There's big, and then there's Lakers big.
The Warriors were served up a big heaping plate of win in this game. Unfortunately, Stephen Curry simply could not pick up his fork and eat. One game after lighting up the Clippers for a triple-double, and fresh off a triumphant all-star weekend in which he got second in the three point shooting contest, the Warriors rookie simply couldn't buy an outside shot. Curry shot 5-21 from the field, and 1-10 from three point land, on a night when a better effort might have gotten the Warriors a surprise win in Staples Center.
Battle of the suits? No contest.
Despite Curry's shooting struggles, the Warriors were in this game right to the end. This was due largely to the play of their big men. With no Monta Ellis and no Kobe Bryant, the game turned into a clash of the titans in the paint. The Lakers' game plan was clear: dump it into their colossal front line of Bynum, Gasol, Artest and Odom and let them pound it in the paint against their diminutive Warriors counterparts. And with no Monta Ellis to speed the tempo up, Don Nelson decided to fight the Lakers on their own terms: big on big. To their credit, the Warriors big men, lead by the tremendous efforts of Andris Biedrins and Rony Turiaf, took up the challenge and held the Lakers monstrous front line off. The Warriors were badly outrebounded 53-36, but their terrific, physical defense on the Lakers bigs paid dividends. Bynum got his, but Gasol and Odom were held to a combined 8-26 shooting.
In my eyes, the Warriors have nothing to be ashamed of with this effort, not even
Stephen Curry: Curry looked exhausted in this game, virtually from the opening tip. He has struggled mightily with the rookie wall in the last few weeks, with the Clipper game being the exception. Having to pick up the play-making load with Monta Ellis out, and his recent committments at the all-star game, certainly didn't help.
So why did he keep shooting? I feel certain it's because Don Nelson wanted him to. It was instructive to me that Nellie ran a play coming out of a timeout in the fourth quarter that was designed to get Curry a three. Shooters keep shooting, and sometimes they get hot late, even when they've been off all game. It just didn't happen for Curry in this game.
Despite his horrendous shooting night, I think Curry showed tremendous leadership in this game. He didn't let his poor shooting -- or the foul trouble that the ridiculous Flopping Fish goaded the officials into putting on him -- affect the rest of his game.

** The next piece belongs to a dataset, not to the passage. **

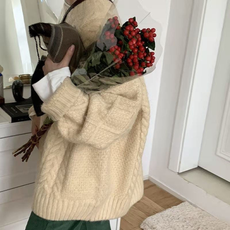 Women Wearing Loose Sweaters Outside The Street With Gentle Wind
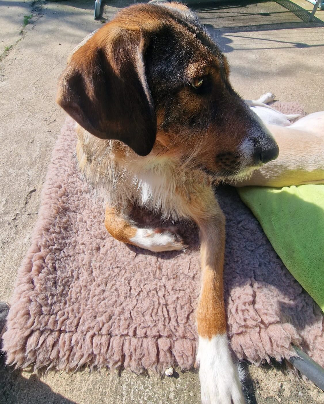 Hier kommt unser Sascha den Kerl konnten wir damals mit seiner Mama und seinem Bruder übernehmen. Sascha war ein sehr ängstlicher Junghund der sein Leben in einem Tierheim aufgewachsen ist. Durch viel Glück durfte der tolle Bube auf eine Pflegestelle nach Deutschland reisen. Die Pflegestelle berichtet: Sascha hat sich bei uns schon sehr gut gemacht. Er hat sich an uns gewöhnt und vertraut uns. Fremde Menschen sind für ihn noch unheimlich und er bellt sie manchmal an. Aber er ist niemals böse oder würde schnappen. Sascha ist wiederum aber auch neugierig und schnüffelt hinterher wenn sie weg gehen. Mit Leckerchen und freundlichem Zureden kann man sich aber auch sein Zutrauen erkaufen. Was er gelernt hat kann er gut umsetzen. Er kann auch schon etwas allein bleiben oder er kann mit ins Büro gehen da legt er sich in eine Ecke und bleibt da liegen. Wir würden Sascha gerne zu anderen Hunden vermitteln. Er liebt Hundegesellschaft. Er kuschelt auch mittlerweile gern mit uns. Bürsten findet er auch toll,da schmeißt er sich direkt wenn man die in die Hand nimmt auf den Rasen und legt sich auf die Seite damit man bürsten kann. Im Garten springt er rum wie ein kleiner Rehbock und macht den Clown,freut sich wie Bolle wenn man mit ihm spielt. Spaziergänge außerhalb sind gut,da geht er gut an der Leine ,Nase am Boden. Er ist auf jeden Fall ein ganz lieber Kerl der immer noch ein kleiner Angsthase ist, aber das wird mit der Zeit auch vergehen. Sascha ist 1-2 Jahre alt, ein großer Mischlingsrüde. Er ist kastriert, geimpft, gechipt und auf Mittelmeerkrankheiten negativ getestet. Sascha ist ein toller Hund dem man ein bisschen Zeit und Zuwendung schenken muss. Menschen mit etwas Hundeerfahrung haben keine Schwierigkeiten mit ihm. Sascha durfte auch schon mit seiner Pflegestelle in den Urlaub reisen und hat sich prima verhalten. Sascha kann jederzeit in Lippetal besucht werden.

He ran the team well, picking up 8 assists. And he proved his triple-double was no fluke, getting another 10 rebound game. His nose for the ball is incredible.
Corey Maggette: Maggette also struggled in this game, which is perhaps not surprising going against Ron Artest and three athletic 7 footers, with a finger held on by tape. His 6 turnovers and poor shooting certainly cost the Warriors, but I feel nothing but admiration for Maggette for taking the court and battling for this short-handed team that has nothing on the line.
Anthony Morrow: Morrow had a fine night offensively, the Warriors with 23 points on 8-15, including 4-8 from three. Nellie let him work a little one-on-one isolation against Vujucic, and Morrow showed a nice array of moves that singed the Serbian nicely around the edges. Unfortunately, you can't call Morrow's game a success, because his counterpart Shannon Brown picked up a career high 27 points on 11-19, along with 10 rebounds.
I continue to think that Morrow is better served playing closer to the basket on defense, against small forwards.
The Centers: It didn't show up in the box score, but Beans and Turiaf really showed up on defense. Without their tremendous effort and energy the Warriors don't compete in this game.
Anthony Tolliver: I got kind of warm all over when Tolliver buried his first four shots. Unfortunately, he missed his next five. But if you want to know why he didn't get more than 22 minutes, look no further than his 1 rebound. As Nellie likes to say, if his bigs don't rebound, he might as well go small.
CJ Watson: CJ's hot shooting helped keep the Warriors in this game. And he DIDN'T get his layup blocked, despite that idiot Feltbot's prediction. It happened at 4:39 of the fourth quarter, when Watson drove the lane, drew Bynum into the foul, and nailed the fall away shot. Only the foul wasn't called, of course, because it was against the Lakers in Staples with the score now tied 89-89. Don Nelson remonstrated politely.
CJ's gotten a little lost in the turmoil of this crazy season, but he has quietly improved his finishing ability in the paint.
Chocolate Rain was nice, but I'm giving this one to the European Union, Beans and Turiaf. For the dirty work.